Monday 11 March 2013

Easter v Christmas


I’ve discussed a lot of important things here over the past couple of weeks – sex, religion, politics and even Eoin Macken but I think this is by far the biggest:  have you noticed how early they are putting Easter eggs in the supermarket?

Oh yeah, eat your hearts out all you hard hitting newsmen, I’m the only one who isn’t afraid to go after the big targets!  If I had a can of worms, I would be cracking it open right now.

It’s been driving me mad ever since New Year’s Day, when I stumbled into the supermarket with my friends.  All of us suffering a  hangover so big it had its own mushroom cloud, only to be greeted by the shiny sight of Easter eggs.

For a minute I thought “Wow, I really had a lot more to drink than I thought.  I’ve woken up 4 months later.  I’ve missed Aussie Day and more importantly, now I will never know if Kat is screwing Derek on EastEnders.”

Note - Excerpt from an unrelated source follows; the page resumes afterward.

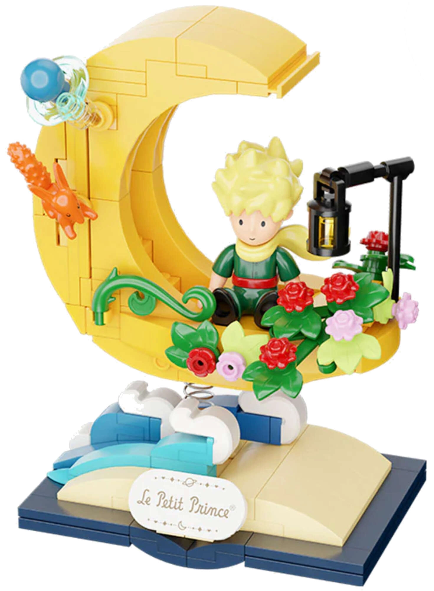 Uđite u poetični svijet Malog princa s očaravajućom scenom na postolju u obliku otvorene knjige „Le Petit Prince“. Mali princ sjedi na zlatnom polumjesecu, oko njega lebde zvijezde i oblaci, tu su i lampica, šareno cvijeće te lisica – sve s finim, trajnimm tiskom za dugotrajan lijep izgled bez naljepnica.

Even by the standards of supermarkets that seem to want to turn the 12 Days Of Christmas into the 12 Months Of Christmas Shopping,  January 1st seems a tad early.  Hang on a minute, is it because petrol prices are so high these days that Santa and the Easter Bunny need to share a ride?

I need to point out I’m not having a go at Easter here.  Like everyone, I love remembering the death of the son of God in the traditional manner of eating chocolate eggs delivered by a magical bunny (you know just like it says in the Bible, although I think someone had been smoking the burning bush that day.)

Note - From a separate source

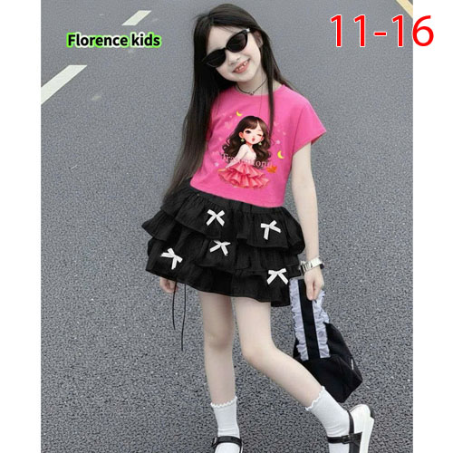 A487326 - Set váy cực xinh cho bé áo thun cotton 4c in cô bé chân váy lụa hàn 3 tầng đính nơ_Size 11

But do we really need 3 – 4 months of celebration?  I mean, how hard are parents going to make the Easter egg hunt this year?  Even Sam and Frodo could find them in 3 months.  Let’s be honest, if you told kids that Osama Bin Laden had chocolate, most of them could have found him.

At least with Christmas pressies, the shops can justify that some people need time to shop and save?

I suppose what really bugs me is the complete commercialization of Christianity.  Now, I’m no God-botherer and I have never been know to bash a Bible that wasn’t asking for it, but even I find it all a little tacky.  I mean, if they are willing to flog Easter eggs for 3 months, what’s next?  “Remember this is the weekend that we solemnly remember the death of the Lord who died on the cross for our sins … speaking of crosses, we have massive discounts in the hardware section all weekend.”

And you know if the supermarkets are making a buck, it won’t be long before the big corporations try to cash in, too.  You can just see the ads:  “We all love the story of Jesus feeding the masses with loaves and fishes.  At McDonalds we will be celebrating that all month with our Filet-o-Fish McMiracle meal deal.
  
Would you like absolution with that?”